Expression of Tyrosine Hydroxylase is Negatively Regulated Via Prion Protein

  • Marcio Henrique Mello da Luz
  • Isaias Glezer
  • Andre Machado Xavier
  • Marcelo Alberti Paiva da Silva
  • Jessica Monteiro Volejnik Pino
  • Thiago Panaro Zamith
  • Taynara Fernanda Vieira
  • Bruno Brito Antonio
  • Hanna Karen Moreira Antunes
  • Vilma Regina Martins
  • Kil Sun Lee
Original Paper

Abstract

Cellular prion protein (PrPC) is a glycoprotein of the plasma membrane that plays pleiotropic functions by interacting with multiple signaling complexes at the cell surface. Recently, a number of studies have reported the involvement of PrPC in dopamine metabolism and signaling, including its interactions with tyrosine hydroxylase (TH) and dopamine receptors. However, the outcomes reported by independent studies are still debatable. Therefore in this study, we investigated the effects of PrPC on the TH expression during the differentiation of N2a cells with dibutyryl-cAMP, a well-known cAMP analog that activates TH transcription. Upon differentiation, TH was induced with concomitant reduction of PrPC at protein level, but not at mRNA level. shRNA-mediated PrPC reduction increased the basal level of TH at both mRNA and protein levels without dibutyryl-cAMP treatment.

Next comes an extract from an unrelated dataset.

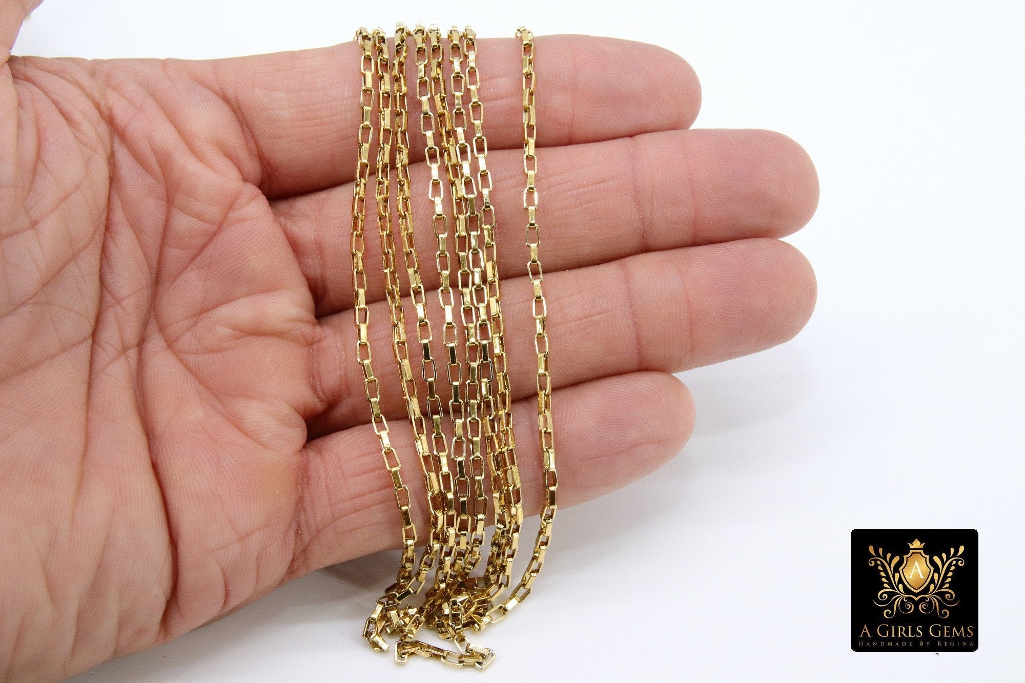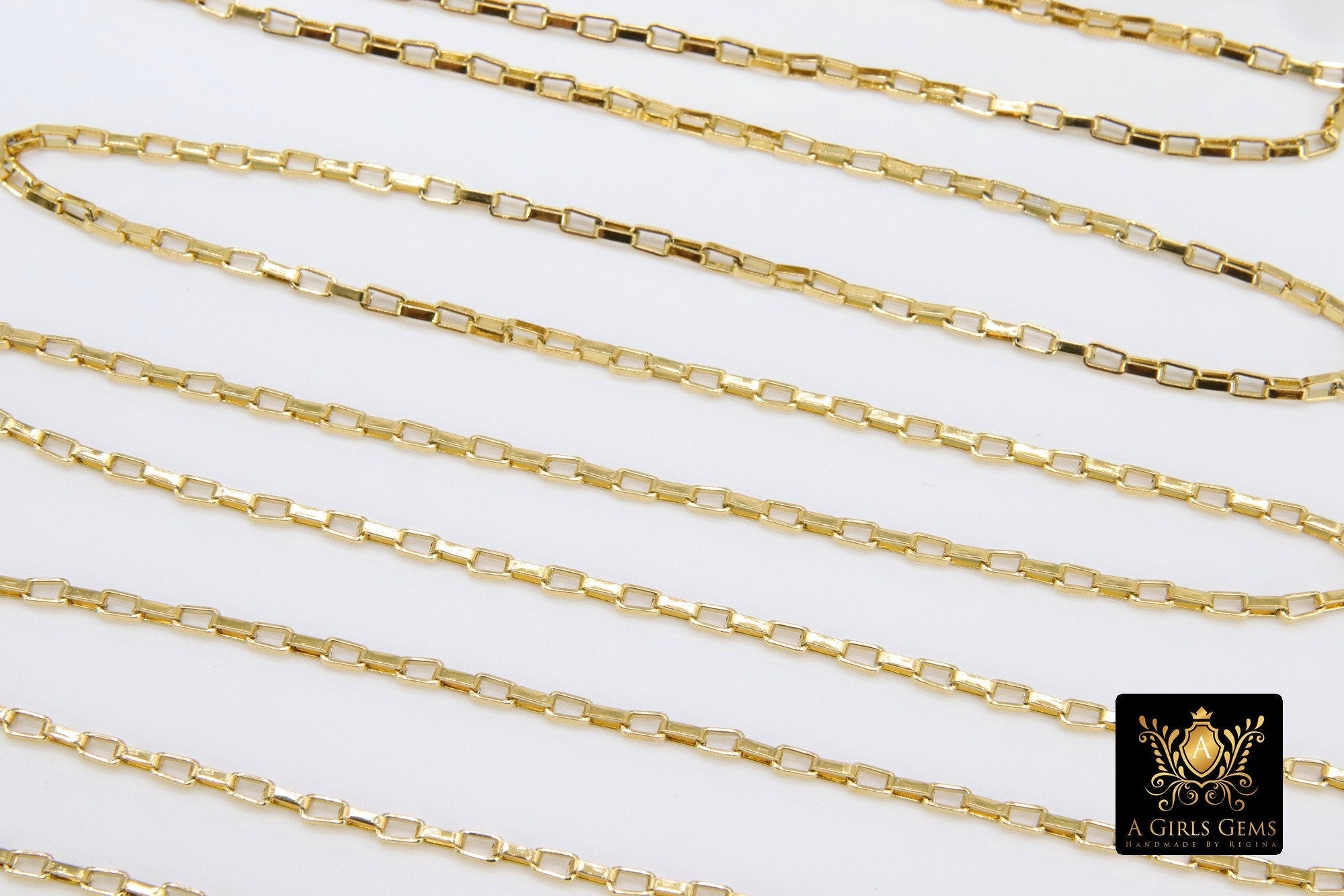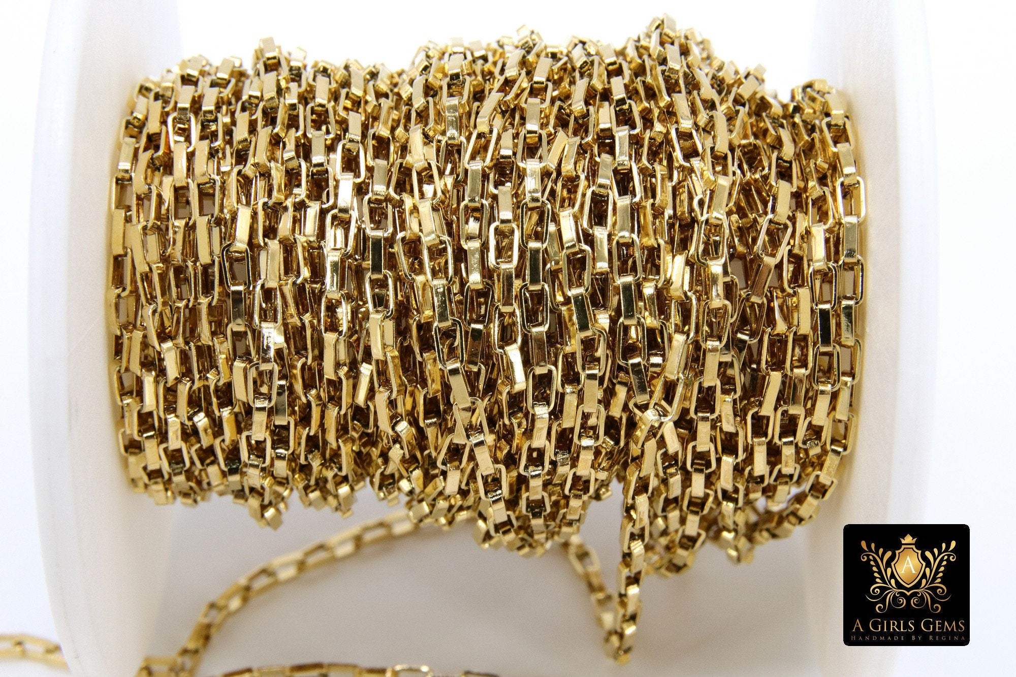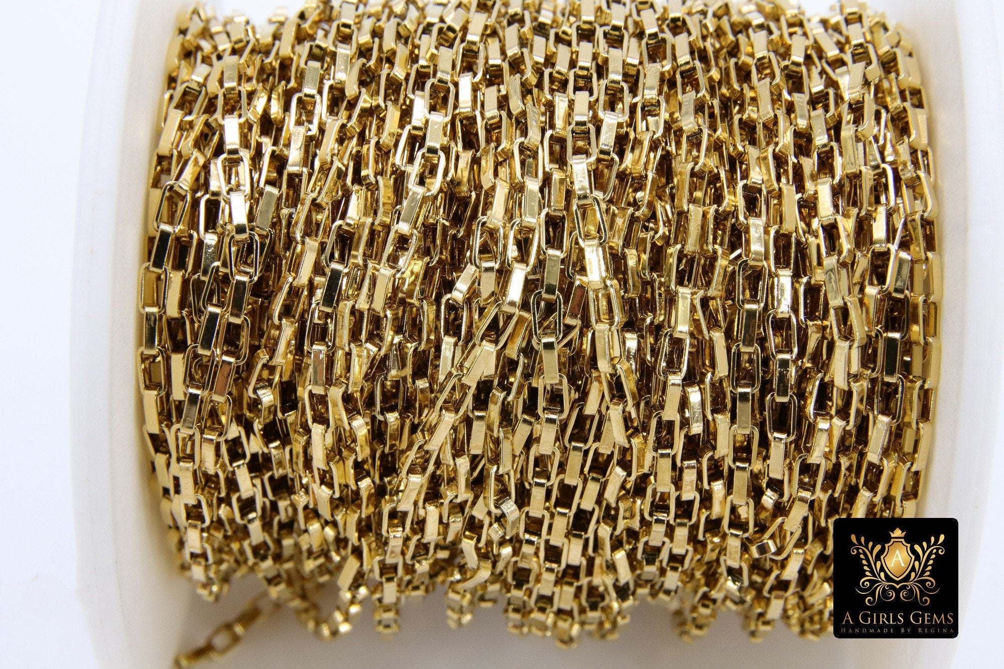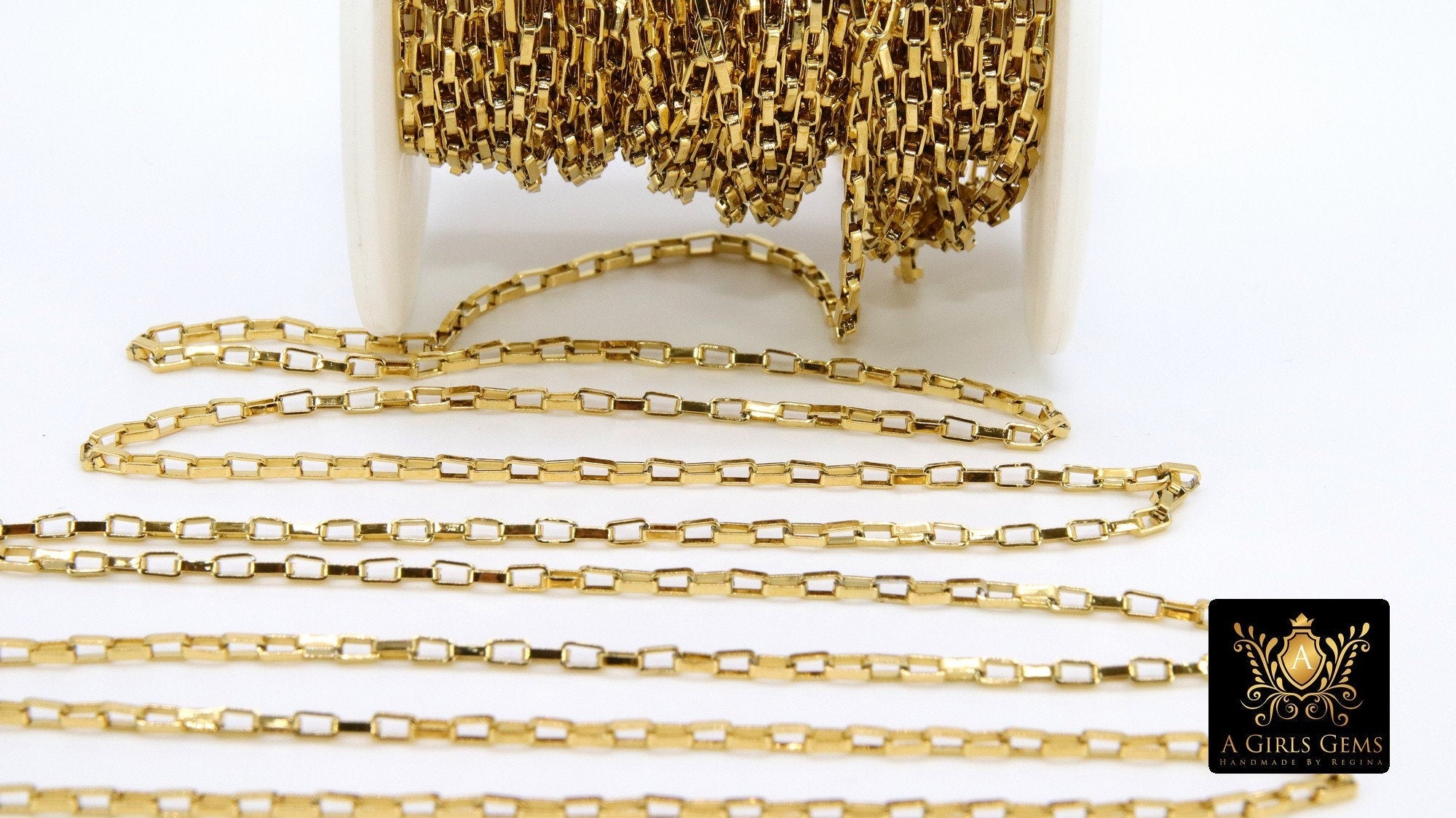 Stainless Steel Chain, Silver Steel 4 mm Rectangle Box Chains CH #137, Unfinished Gold
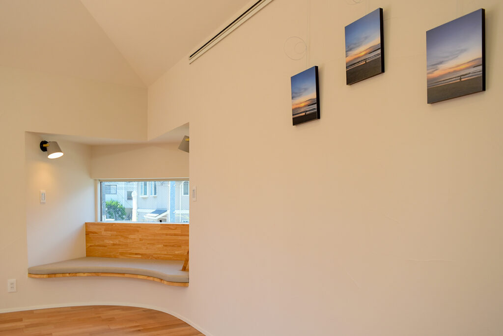 出窓ベンチの裏側に愛。注文住宅なら京都市で設計施工を行う工務店 garDEN。

This phenotype was reversed by re-expression of PrPC. PrPC knockdown also potentiated the effect of dibutyryl-cAMP on TH expression. Our findings suggest that PrPC has suppressive effects on TH expression. As a consequence, altered PrPC functions may affect the regulation of dopamine metabolism and related neurological disorders.

Keywords

Cellular prion protein Dopamine metabolism Tyrosine hydroxylase Gene expression 

Notes

Acknowledgments

This study was supported by Grants from FAPESP [Fundação de Amparo à Pesquisa do Estado de São Paulo: 2013/22413-5 (K.S.L); 2013/07937-8 (I.G)], CAPES (Coordenação de Aperfeiçoamento de pessoal de Nível Superior), CNPq (Conselho Nacional de Desenvolvimento Científico e Tecnológico: 467566/2014-3) and EMU (programa de equipamentos multiusuários). We thank Dr. Ricardo Borges Machado from UNIFESP, who carried out the quantification of dopamine and its metabolites.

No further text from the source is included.